Although the data below holds other lines too, output only those from the line with "Goalie Jose Theodore" up to and including the line with "Vestido branco é", exactly as they appear.

## Extracted data
-- Opening Marker --

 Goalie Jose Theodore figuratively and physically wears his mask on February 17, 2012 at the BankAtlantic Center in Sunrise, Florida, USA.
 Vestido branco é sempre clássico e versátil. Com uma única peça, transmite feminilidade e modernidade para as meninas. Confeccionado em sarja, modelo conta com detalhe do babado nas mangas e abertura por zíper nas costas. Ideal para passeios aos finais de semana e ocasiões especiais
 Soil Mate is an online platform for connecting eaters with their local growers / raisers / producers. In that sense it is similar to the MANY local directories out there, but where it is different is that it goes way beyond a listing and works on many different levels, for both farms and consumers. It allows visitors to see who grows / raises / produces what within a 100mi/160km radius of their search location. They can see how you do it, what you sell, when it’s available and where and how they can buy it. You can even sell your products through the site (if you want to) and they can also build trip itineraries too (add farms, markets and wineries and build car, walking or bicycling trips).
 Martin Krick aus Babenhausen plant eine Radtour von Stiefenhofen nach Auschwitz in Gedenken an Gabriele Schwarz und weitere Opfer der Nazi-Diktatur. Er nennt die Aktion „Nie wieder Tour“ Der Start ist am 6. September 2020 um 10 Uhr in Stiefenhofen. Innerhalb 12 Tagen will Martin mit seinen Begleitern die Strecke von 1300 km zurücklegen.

-- Closing Marker --
-- Opening Marker --

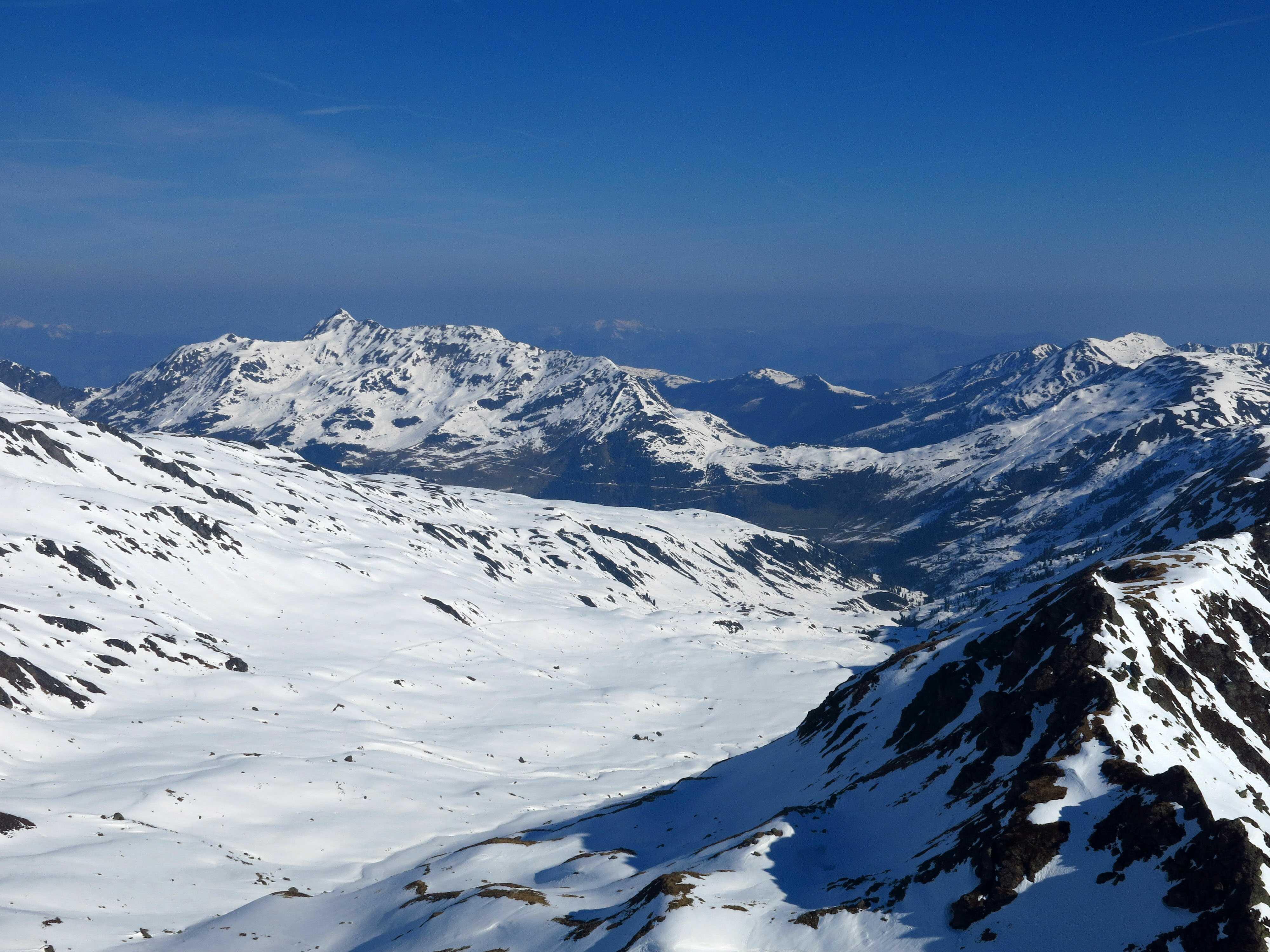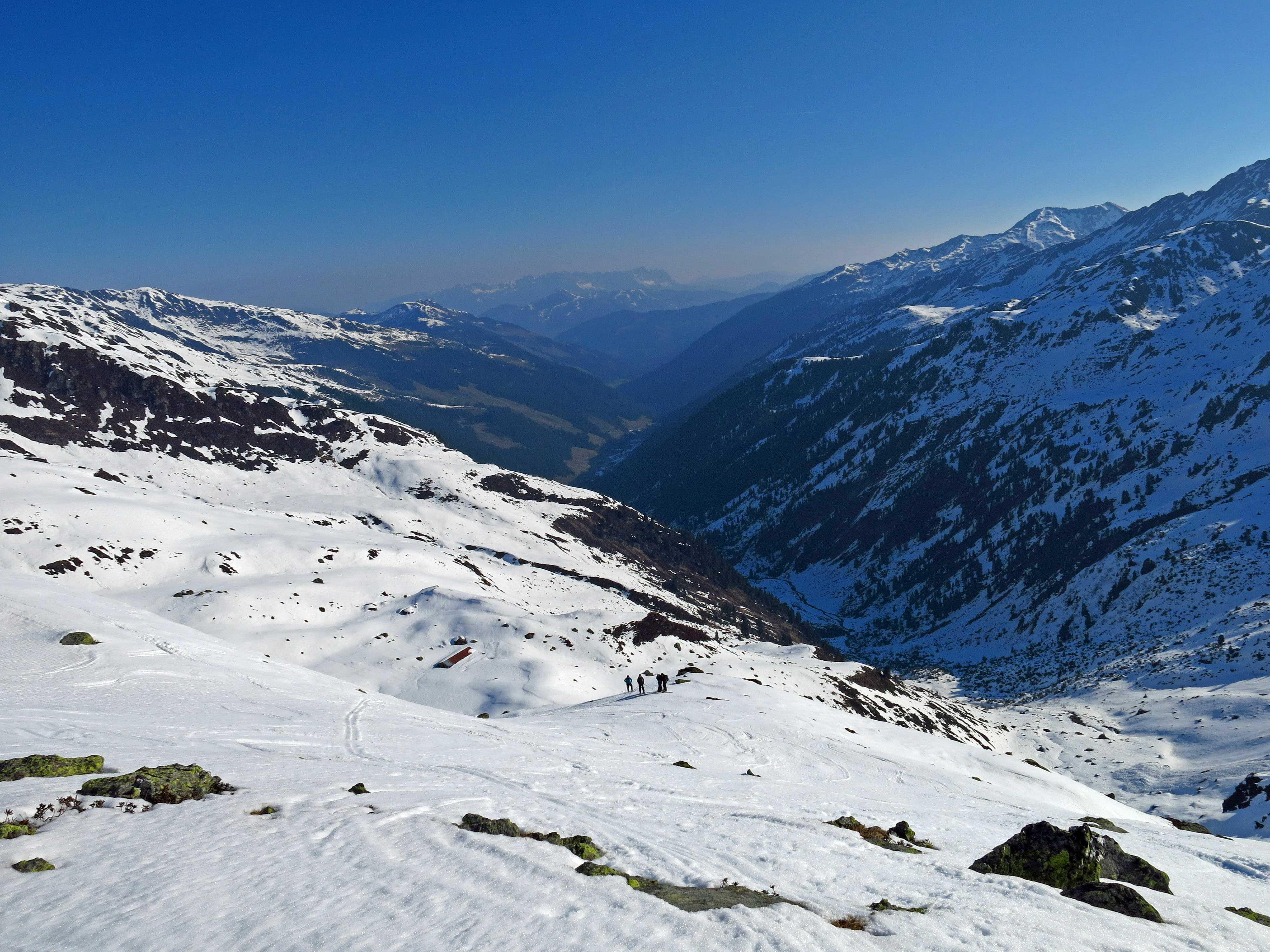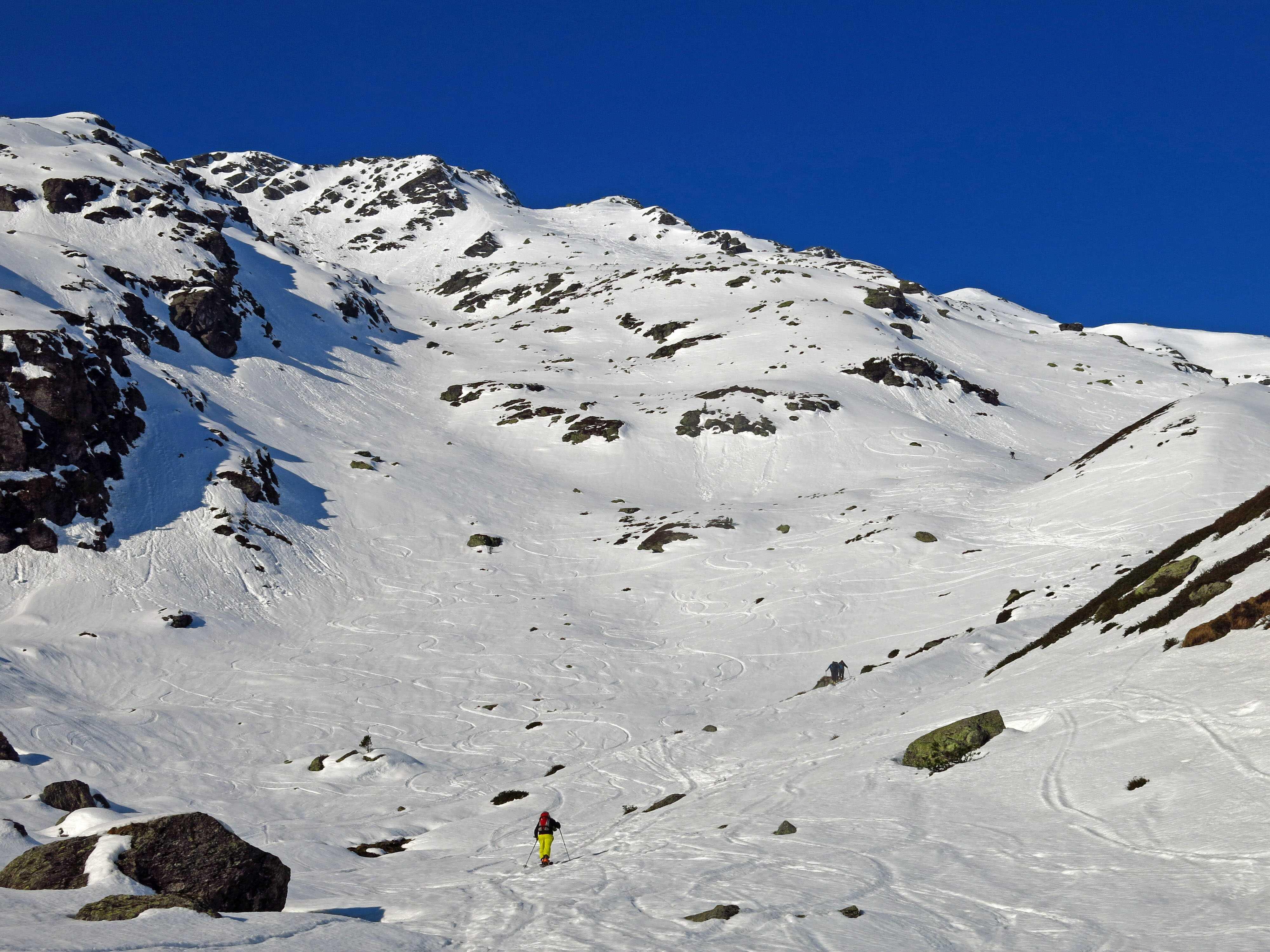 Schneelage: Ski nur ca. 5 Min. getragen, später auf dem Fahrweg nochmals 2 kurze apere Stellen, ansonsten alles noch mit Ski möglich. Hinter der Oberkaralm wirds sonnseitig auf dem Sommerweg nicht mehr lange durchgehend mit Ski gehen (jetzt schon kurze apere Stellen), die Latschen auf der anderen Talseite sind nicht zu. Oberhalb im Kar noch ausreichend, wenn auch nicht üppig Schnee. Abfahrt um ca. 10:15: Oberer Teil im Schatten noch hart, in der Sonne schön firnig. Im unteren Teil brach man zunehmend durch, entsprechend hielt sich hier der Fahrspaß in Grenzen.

-- Closing Marker --
-- Opening Marker --

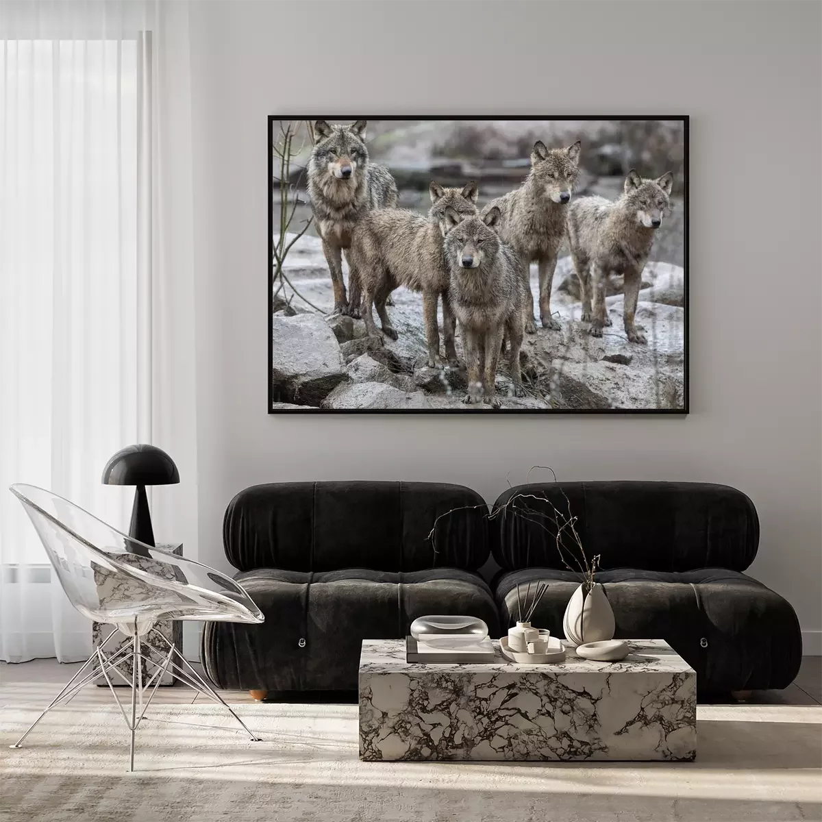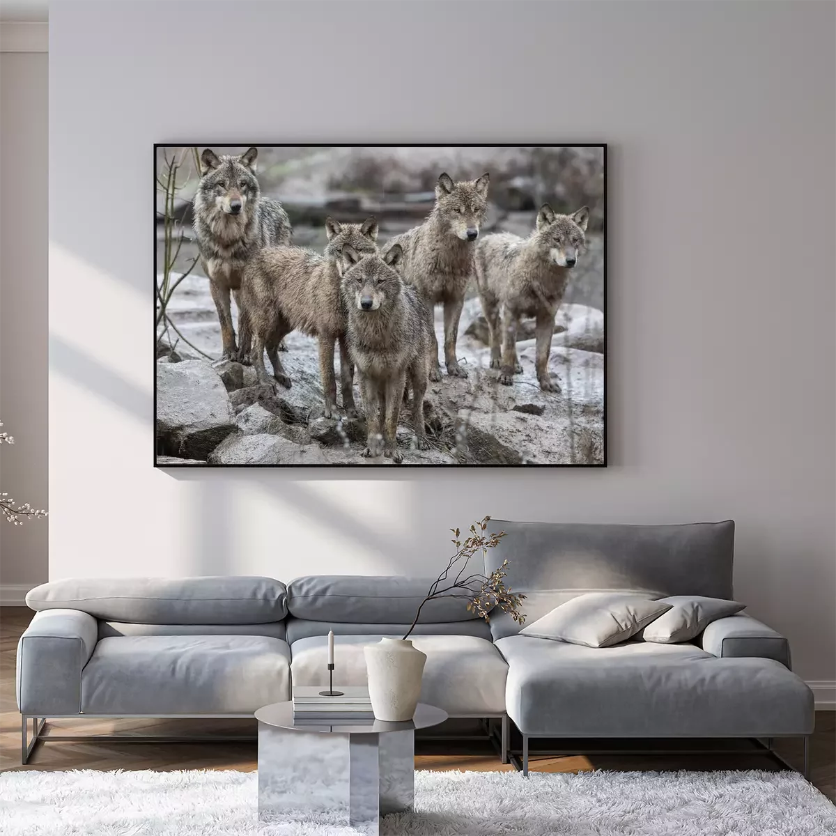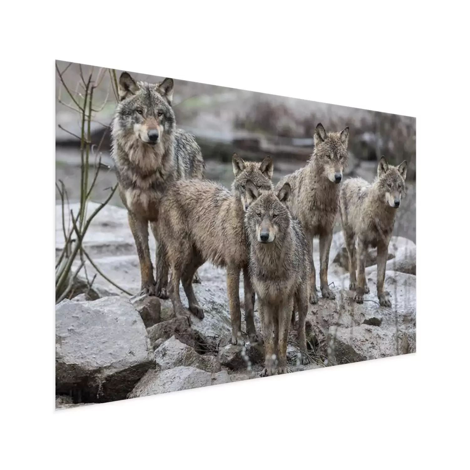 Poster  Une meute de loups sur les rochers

-- Closing Marker --

## Solved problem
 Goalie Jose Theodore figuratively and physically wears his mask on February 17, 2012 at the BankAtlantic Center in Sunrise, Florida, USA.
 Vestido branco é sempre clássico e versátil. Com uma única peça, transmite feminilidade e modernidade para as meninas. Confeccionado em sarja, modelo conta com detalhe do babado nas mangas e abertura por zíper nas costas. Ideal para passeios aos finais de semana e ocasiões especiais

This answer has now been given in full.